Id say at some point, or other most parents have come to blows with their kids over game consoles, or tablet cut off times. However, I do believe it is how you handle it as a parent that makes the difference.
Now, don’t get me wrong here I am in no way one of those judgy mcjudgeface mums who get it right all the time. By no means am I at all!
That said, I have read some of the comments under articles, and I’d have to say a lot of them were pretty mean. It’s so easy to make assumptions about how you would deal with something until you’re going through it yourself.
I firmly believe parents should support other parents, not knock them down. We are all just trying to do our best.
I’ve been through my fair share of crap with my three! That said one of the “advantages” of having kids on the spectrum is you get to attend many, many parenting skills classes! *eye starts twitching
Therefore, if you’re struggling with new ideas on how to deal with such rage; without resorting to the use of a taser or becoming a deranged psychopath; I would like to share some of my ingrained knowledge with you.
Some stuff to try…
Give a fair warning.
At least five minutes before the shutdown. Put yourself in their shoes, the game is designed to be captivating, and they’re engrossed. You cant just expect to tear them away without them getting a tad emotional! How irrational do you get over being yelled mum at for 20 minutes while you’re in the middle of something?!
Make sure the behaviour you don’t want to see is utterly clear. There can be no mistake made. Let your child know in no uncertain terms; abuse, aggression and violence are NOT acceptable.
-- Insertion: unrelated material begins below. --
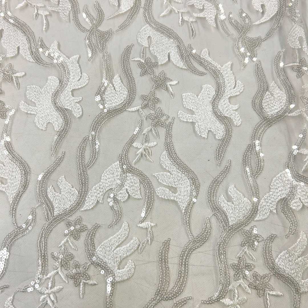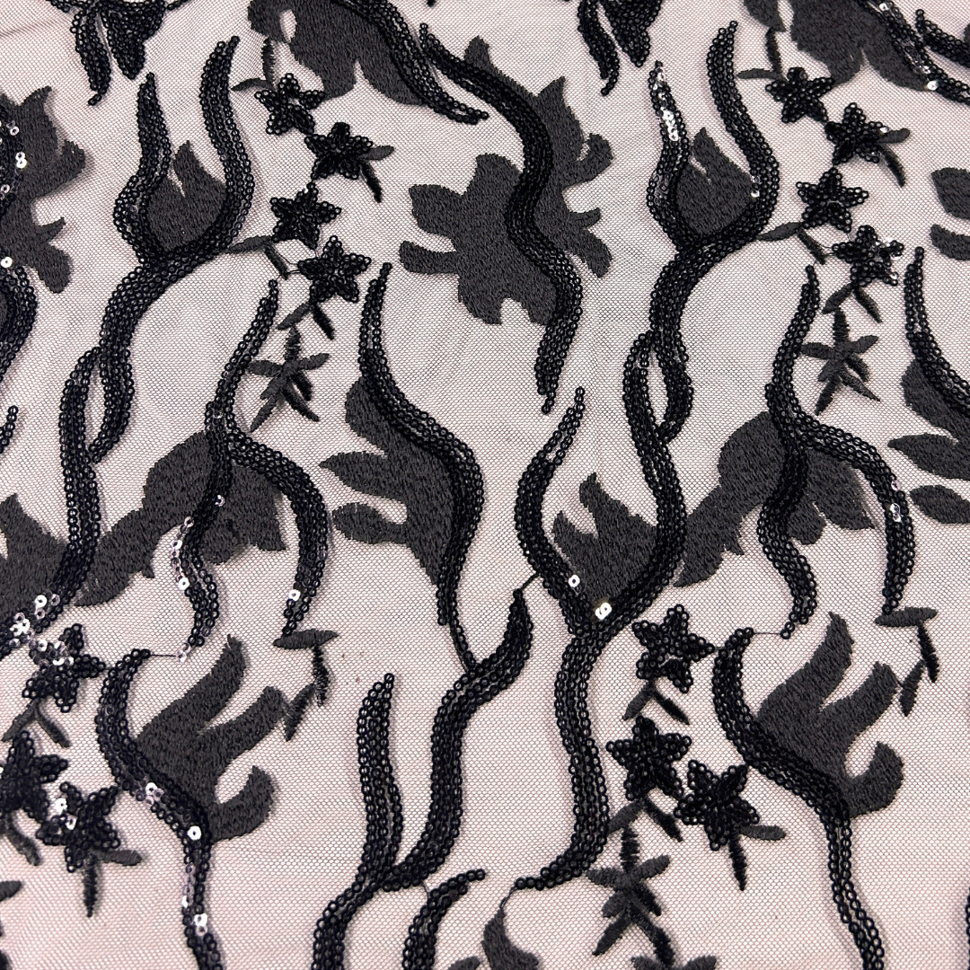 Transforma tus diseños con el Tul Bordado con Hojas 3D y Lentejuelas, un tejido que combina la ligereza del tul con un bordado tridimensional de hojas y el resplandor sofisticado de las lentejuelas. Ideal para vestidos de gala, trajes de ceremonia y accesorios llamativos, este tejido aporta un efecto visual fascinante y un toque de glamour refinado.

Make sure they’re also aware of the consequences of these actions. Take a zero-tolerance view on this.
Never just threaten.
If you say something, you must ABSOLUTELY follow through. Otherwise not gonna’ happen! So think before you speak! We’ve all read the story of, The Boy who cried Wolf; sheep ended up eaten I believe!
Remember who’s “in charge.”
No doubt you bought the console or at the very least pay for the internet. Without you providing, they would have nothing (ungrateful little turds!) Don’t be afraid to pull the plug if the unwanted behaviour continues.
Keep a Ransome Box!
I have one of these. Kindles, X box controllers PC plugs all live in here now and again. Only then exchanged for the right behaviour.
You find yourself correcting and doing the “telling off” so often, you forget to let them know when they got something right. Let them know how proud you are that they were able to play without getting irate!
We’ll always be playing catch up.
As long as “stuff” keeps getting invented, there will always be people who have no clue how to deal with the issues that arise from whatever said “new thing” is.
There seems to be no shortage of people who disagree with your kids owning these new fandangled contraptions!
I am by no means opposed to the occasional digital detox. However, we are here, and this is the now, the digital age. Just like Pac Man in the 80’s or Mortal Kombat in the 90’s new games and consoles will continue to be a big part of our kids lives.
Game rage seems to be pretty standard, unfortunately; I mean who hasn’t tipped a table over a game of Monopoly in their time? Teaching kids to manage their emotions appropriately is vital.
We simply have to keep evolving our parenting strategies to keep up with changing times.
**Just for fun I did interview Yvonne, aka, the mother! I asked her if there was anything that completely enraged kids my sister, me, our cousins or other peoples kids growing up (in the 80’s.) She couldn’t think of anything! Hmmmmm.